All entries below must be retyped exactly, though pictures are to be skipped.

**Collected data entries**
☆ ☆ ☆ ☆ ☆ ☆ ☆
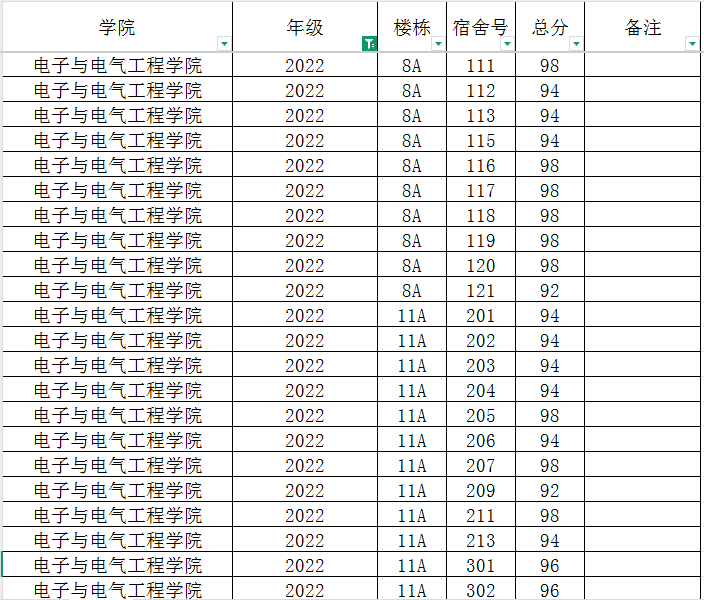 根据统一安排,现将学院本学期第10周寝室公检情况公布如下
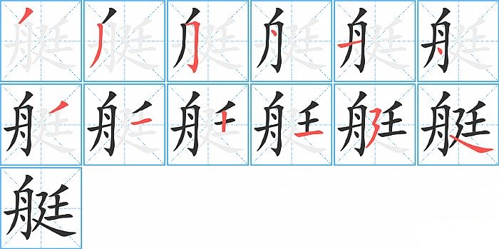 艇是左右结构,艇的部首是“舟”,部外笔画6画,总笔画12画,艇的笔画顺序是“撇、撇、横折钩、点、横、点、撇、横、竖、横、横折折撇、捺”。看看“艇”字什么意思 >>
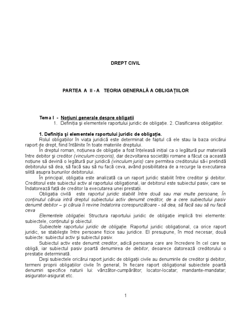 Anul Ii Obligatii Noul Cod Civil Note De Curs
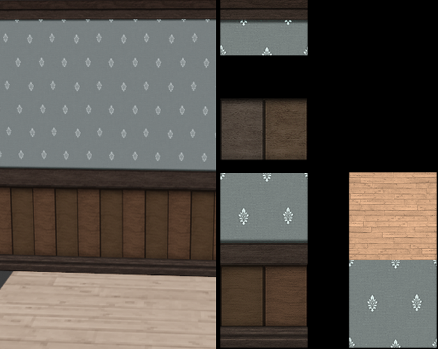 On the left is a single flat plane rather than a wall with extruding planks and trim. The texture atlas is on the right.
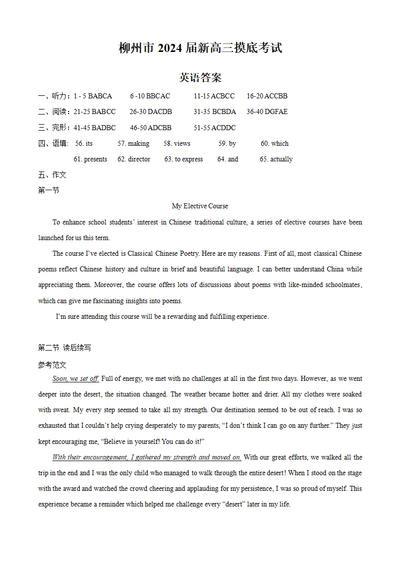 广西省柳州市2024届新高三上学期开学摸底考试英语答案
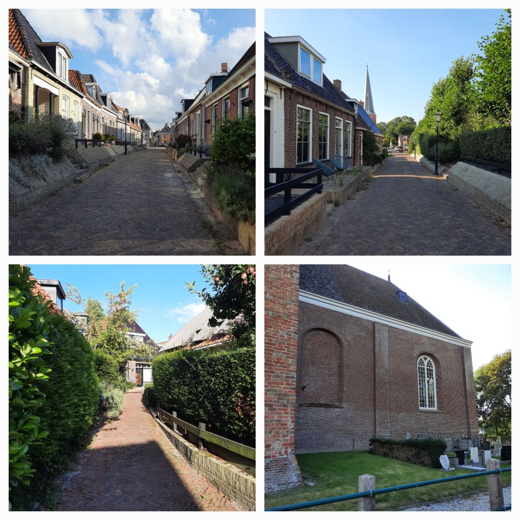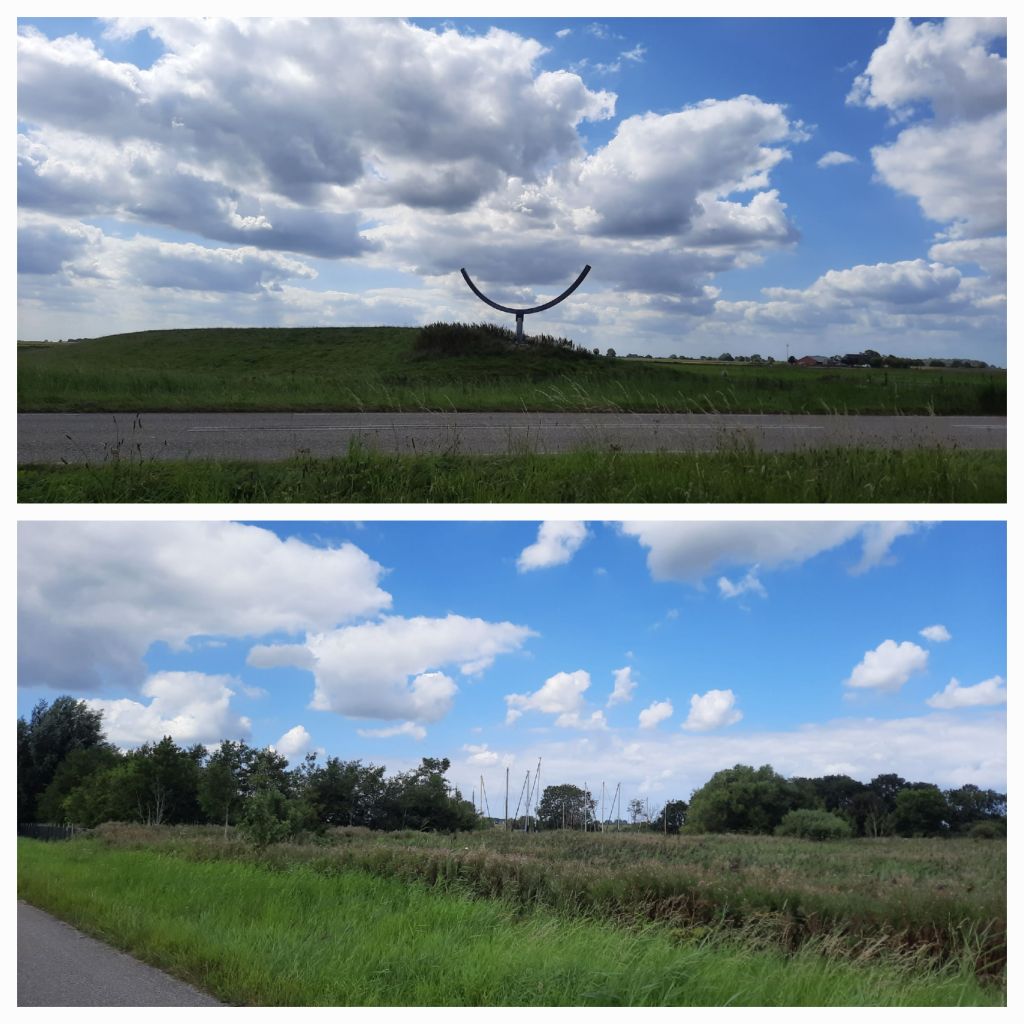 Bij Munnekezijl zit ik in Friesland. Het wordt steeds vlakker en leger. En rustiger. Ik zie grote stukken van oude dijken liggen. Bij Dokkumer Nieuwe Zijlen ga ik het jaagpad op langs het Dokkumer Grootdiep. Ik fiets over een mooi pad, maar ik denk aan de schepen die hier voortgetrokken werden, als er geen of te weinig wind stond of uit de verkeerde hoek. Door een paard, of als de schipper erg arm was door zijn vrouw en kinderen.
☆ ☆ ☆ ☆ ☆ ☆ ☆
**Answer box**
 根据统一安排,现将学院本学期第10周寝室公检情况公布如下
 艇是左右结构,艇的部首是“舟”,部外笔画6画,总笔画12画,艇的笔画顺序是“撇、撇、横折钩、点、横、点、撇、横、竖、横、横折折撇、捺”。看看“艇”字什么意思 >>
 Anul Ii Obligatii Noul Cod Civil Note De Curs
 On the left is a single flat plane rather than a wall with extruding planks and trim. The texture atlas is on the right.
 广西省柳州市2024届新高三上学期开学摸底考试英语答案
 Bij Munnekezijl zit ik in Friesland. Het wordt steeds vlakker en leger. En rustiger. Ik zie grote stukken van oude dijken liggen. Bij Dokkumer Nieuwe Zijlen ga ik het jaagpad op langs het Dokkumer Grootdiep. Ik fiets over een mooi pad, maar ik denk aan de schepen die hier voortgetrokken werden, als er geen of te weinig wind stond of uit de verkeerde hoek. Door een paard, of als de schipper erg arm was door zijn vrouw en kinderen.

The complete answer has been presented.